Самиздат: [Регистрация] [Найти] [Рейтинги] [Обсуждения] [Новинки] [Обзоры] [Помощь|Техвопросы]
Ссылки:
Школа кожевенного мастерства: сумки, ремни своими руками
 Ваша оценка:
  • Аннотация:
    Первая глава романа


Глава первая.

КОТ ПО ИМЕНИ СМЕРТЬ

  
  
  
   Кот был огромен. Он смотрел на меня в упор своими апельсиновыми глазами с таким высокомерием, что мне захотелось немедленно перед ним за что-нибудь извиниться. Или сделать книксен. Стоя перед этим существом, я быстро сообразила, кто из нас двоих есть царь природы, а кто -- лишь тварь дрожащая и бессмысленная.
   -- Кис-кис-кис, -- заискивающе промямлила я.
   Он не ответил и даже не пошевелился. Его могучее тело возлежало на странном высоком сооружении, похожем на перевернутую вешалку, обшитую замшей, а морда находилась на уровне моего лица. Если бы он захотел, он мог бы, не приподнимаясь, вцепиться мне прямо в ноздри.
   -- Хороший, -- сказала я так слащаво, как обычно говорят психически неуравновешенным больным, когда те берут кухонный тесак со стола и начинают его зачем-то разглядывать. -- Красивый...

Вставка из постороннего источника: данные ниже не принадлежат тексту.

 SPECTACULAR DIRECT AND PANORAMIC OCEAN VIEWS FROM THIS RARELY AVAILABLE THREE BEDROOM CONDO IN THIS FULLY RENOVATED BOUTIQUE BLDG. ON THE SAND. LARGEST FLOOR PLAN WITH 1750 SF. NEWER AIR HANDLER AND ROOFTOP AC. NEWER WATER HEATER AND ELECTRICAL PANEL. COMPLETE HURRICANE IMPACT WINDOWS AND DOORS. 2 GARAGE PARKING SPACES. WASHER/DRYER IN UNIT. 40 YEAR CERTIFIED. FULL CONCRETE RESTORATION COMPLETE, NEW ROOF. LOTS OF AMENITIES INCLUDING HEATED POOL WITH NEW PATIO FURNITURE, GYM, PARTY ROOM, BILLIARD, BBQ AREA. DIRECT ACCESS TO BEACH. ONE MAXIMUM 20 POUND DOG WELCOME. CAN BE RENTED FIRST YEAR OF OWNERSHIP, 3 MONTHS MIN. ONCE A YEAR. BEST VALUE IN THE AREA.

   Тут я не покривила душой. Котяра был и впрямь замечательный. Вальяжный, ухоженный, щекастый, цвета дождливых сумерек с отливом, он казался воплощением всех готических романов вместе взятых. Но что-то в его облике меня беспокоило. Какая-то странная нелепость, невидимый сразу изъян... Прошло еще секунд пять, прежде чем я, наконец, сообразила: маленькие уши кота не стояли торчком, как у всех его собратьев, а плотно прижимались к лобастой и округлой голове. Именно из-за этих ушей физиономия кота напоминала то сову, то игрушечного медвежонка (правда, весьма сурового), то лемура с острова Мадагаскар.
   -- Ну, познакомились?
   Я обернулась.
   Наталья Дмитриевна предстала передо мной чистенькой, розовой после душа, с турецким тюрбаном из полотенца на голове. Больше на хозяйке кота ничего не было, и я смогла легко заметить, что для своих пятидесяти четырех фигура у Натальи Дмитриевны сохранилась великолепно. Во всяком случае, лучше, чем у меня в тридцать два.

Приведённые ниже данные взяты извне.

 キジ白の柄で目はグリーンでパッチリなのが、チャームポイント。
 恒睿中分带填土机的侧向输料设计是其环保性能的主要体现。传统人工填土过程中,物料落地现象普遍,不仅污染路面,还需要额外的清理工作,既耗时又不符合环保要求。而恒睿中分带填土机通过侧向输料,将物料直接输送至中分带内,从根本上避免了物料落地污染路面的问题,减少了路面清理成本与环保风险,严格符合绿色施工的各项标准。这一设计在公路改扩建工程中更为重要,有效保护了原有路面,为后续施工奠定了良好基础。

   Ничуть не стесняясь моего недоуменного взгляда, она голышом прошлепала вглубь комнаты, к шкафу, и, широко распахнув обе его створки, начала выбирать подходящий халатик.
   -- Симпатичный у вас кот, -- сообщила я, чтобы завязать беседу.
   Не оборачиваясь, она рассмеялась.
   -- Да, это моя гордость. Great European Champion.
   -- Великий европейский чемпион? -- машинально перевела я, радуясь тому, что в голове после школы еще остались невнятные обрывки английского.
   -- Вообще-то не великий, а большой, но и против великого я возражать не буду...
   Выбрав легкомысленную накидку в ярко-фиолетовый цветочек, которая, на мой консервативный взгляд, скорее подошла бы девятикласснице, чем солидной даме бальзаковского возраста, Наталья Дмитриевна кивнула на дверь:
   -- Пойдемте-ка на кухню, о нашем деле за чаем потолкуем.
   И мы двинулись долгим и широким коридором на кухню. Я шла, озираясь по сторонам, как в музее. Хотя мне и раньше приходилось бывать в домах у состоятельных людей (пусть не миллионеров, но все-таки весьма зажиточных), однако подобную стильную роскошь я видела прежде только в зарубежных каталогах.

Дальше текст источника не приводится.